At the weekend, Belfast’s Waterfront Hall hosted an event called ‘Beyond Brexit’ hosted by a group called ‘Ireland’s Future’, connected to key Sinn Fein activists. This organisation first came to prominence when it wrote a letter to the Irish prime minister, Leo Varadkar, purportedly on behalf of ‘civic nationalists’. It’s a strange type of civic nationalism that links itself to a movement that pursued a campaign of sectarian murder against neighbours who considered themselves British.

In Northern Ireland, the line between political activism and academic work, which was already blurred, has become even less distinct thanks to Brexit. Queen’s University Belfast has used its QPol, or Queen’s Policy Engagement, unit to host a stream of pro-EU speakers, overwhelmingly articulating a nationalist view of the UK’s decision to leave the EU.

Recently, in conjunction with the University of Ulster, its law school published a report called, ‘Where next for a Bill of Rights in Northern Ireland?’, co-authored by Professor Colin Harvey and Dr Anne Smith.

Dr Smith lectures at the Transitional Justice Institute, which has provided academic cover for the campaign to deal with the legacy of the Troubles by focussing on state killings rather than terrorist murders.

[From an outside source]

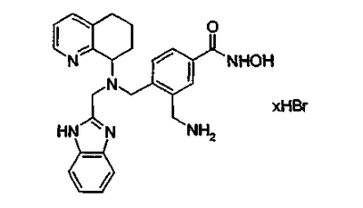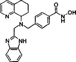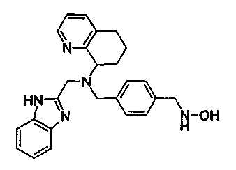 AMD9738: Получение (R,S)-4-{[(1H-бензимидазол-2-илметил)-(5,6,7,8-тетрагидрохинолин-8-ил)амино]метил}-N-гидроксибензамида. К перемешиваемому раствору метилового эфира 4-{[(1Н-бензимидазол-2-илметил)-(5,6,7,8-тетрагидрохинолин-8-ил)амино]метил}бензойной кислоты (AMD9711) (120 мг, 0,23 ммоль) в безводном MeOH (3 мл) добавляли гидрохлорид гидроксиламина (32 мг, 0,46 ммоль) с последующим добавлением гидроксида калия (39 мг, 0,69 ммоль). Полученный раствор перемешивали в течение 18 часов и в этот момент добавляли воду (5 мл) и CH2Cl2 (5 мл). Фазы разделяли и водный слой доводили до pH 7 добавлением насыщенного водного раствора гидроксида аммония, затем экстрагировали CH2Cl2 (3 × 10 мл). Объединенные органические экстракты сушили (MgSO4), фильтровали и концентрировали в вакууме. Очистка неочищенного вещества радиальной хроматографией (1 мм пластина, 10:1:1 CH2Cl2/MeOH/NH4OH) давала указанное в заголовке соединение (52 мг, 43%) в виде белого твердого вещества. 1Н ЯМР (CDCl3) Пример: 63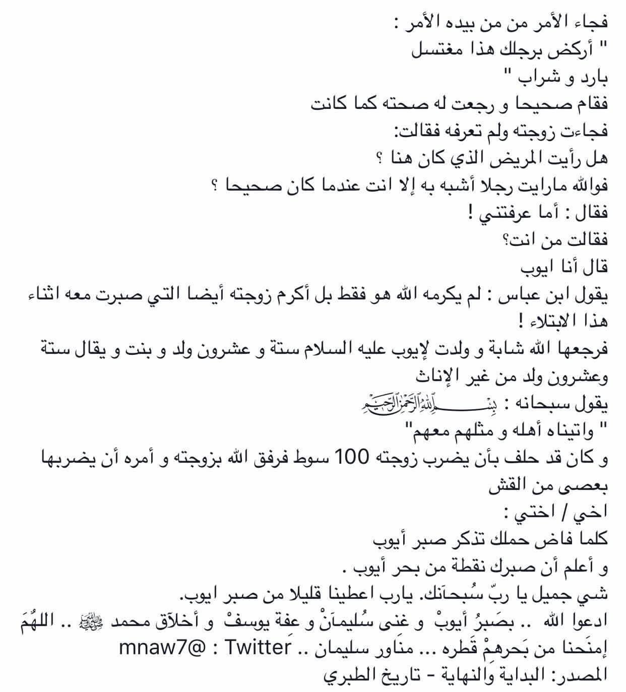 مناور سليمان On Twitter استمر أيوب عليه السلام في البلاء 18 عام و هو صابر و لا يشتكي لأحد حتى زوجته وأصبح مثلا لصبر قصة نبي الله أيوب

Professor Harvey, who previously addressed Sinn Fein’s annual conference with support for its idiosyncratic take on human rights, spoke at the ‘Ireland’s Future’ event, telling the audience, “we will not be seeking permission from anyone to talk about the unity of this country.”

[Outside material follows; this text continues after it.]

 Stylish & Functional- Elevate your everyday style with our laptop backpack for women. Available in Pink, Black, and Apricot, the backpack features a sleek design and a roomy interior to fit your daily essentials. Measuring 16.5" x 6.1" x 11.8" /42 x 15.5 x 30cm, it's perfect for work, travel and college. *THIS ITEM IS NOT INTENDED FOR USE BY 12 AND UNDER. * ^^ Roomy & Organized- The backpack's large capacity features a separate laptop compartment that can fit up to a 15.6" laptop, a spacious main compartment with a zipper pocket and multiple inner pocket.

In the coded language of their report, one of the recommendations notes, “we agree with those who argue that there is a rights and equality crisis in Northern Ireland.” For which you can fairly read, “we agree with republicans’ claims that they have been denied rights and equality.” The Queen’s / UU paper highlights concerns about “equivalence of rights on the island of Ireland”, for example.

Sinn Fein has long used this type of language to attack any outward manifestation of Northern Ireland’s Britishness, on the premise that the institutions, laws and emblems of a nationalist Irish state deserve ‘parity of esteem’ with their UK equivalents. This manoeuvre is designed to side-step the ‘principle of consent’, that underpins the Belfast Agreement and currently preserves the province’s place in the United Kingdom.

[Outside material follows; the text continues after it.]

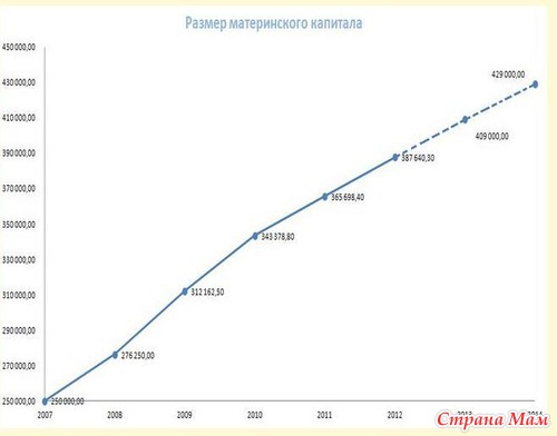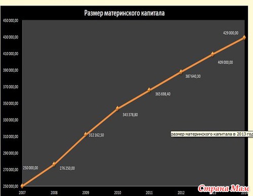 C 1 января 2013 года размер средств государственной поддержки семей должен быть равен 409 000 рублей. То есть сумма материнского капитала в 2013 года должна увеличиться более чем на 21 тысячу рублей.

There was never any truth to the assertion that the Belfast Agreement required a Bill of Rights. The Northern Ireland Act of 1998, which implemented the accord, set up the NIHRC “to consult and advise on the scope for defining… rights supplementary to those in the ECHR, to reflect the particular circumstances of Northern Ireland.” When the commission produced its final report more than ten years later, the government found that many of “the rights proposed… are equally as relevant to the people of England, Scotland and Wales.”

Even Shaun Woodward, a Secretary of State whose chief adviser, Kevin Meagher, has since devoted himself to building a case for an all-Ireland state, admitted that the NIHRC’s advice was of limited use, because it went “well beyond” the remit established in the Good Friday accord.

That didn’t stop an industry of lobbyists and publicly funded organisations from spending a decade claiming that the lack of a bill of rights breached the Belfast Agreement. Usually, like the organisers of the explicitly republican ‘Beyond Brexit’ event, which pointedly refused to invite representatives of ‘political unionism’, these people had an agenda that the language of human rights was intended to put beyond discussion.

That’s the beauty of the term, which is now too rarely used to describe the type of universal entitlements to life, liberty and a fair trial that it was invented to protect. Almost any political aim or socio-economic demand can be framed as a ‘human right’, to make those who are accused of denying it seem inhumane and unreasonable.

The idea that Northern Ireland required a Bill of Rights was always a conjuring trick. Now the same people who used it previously are deploying the same tactics when it comes to the Irish Brexit backstop. The Good Friday Agreement requires neither.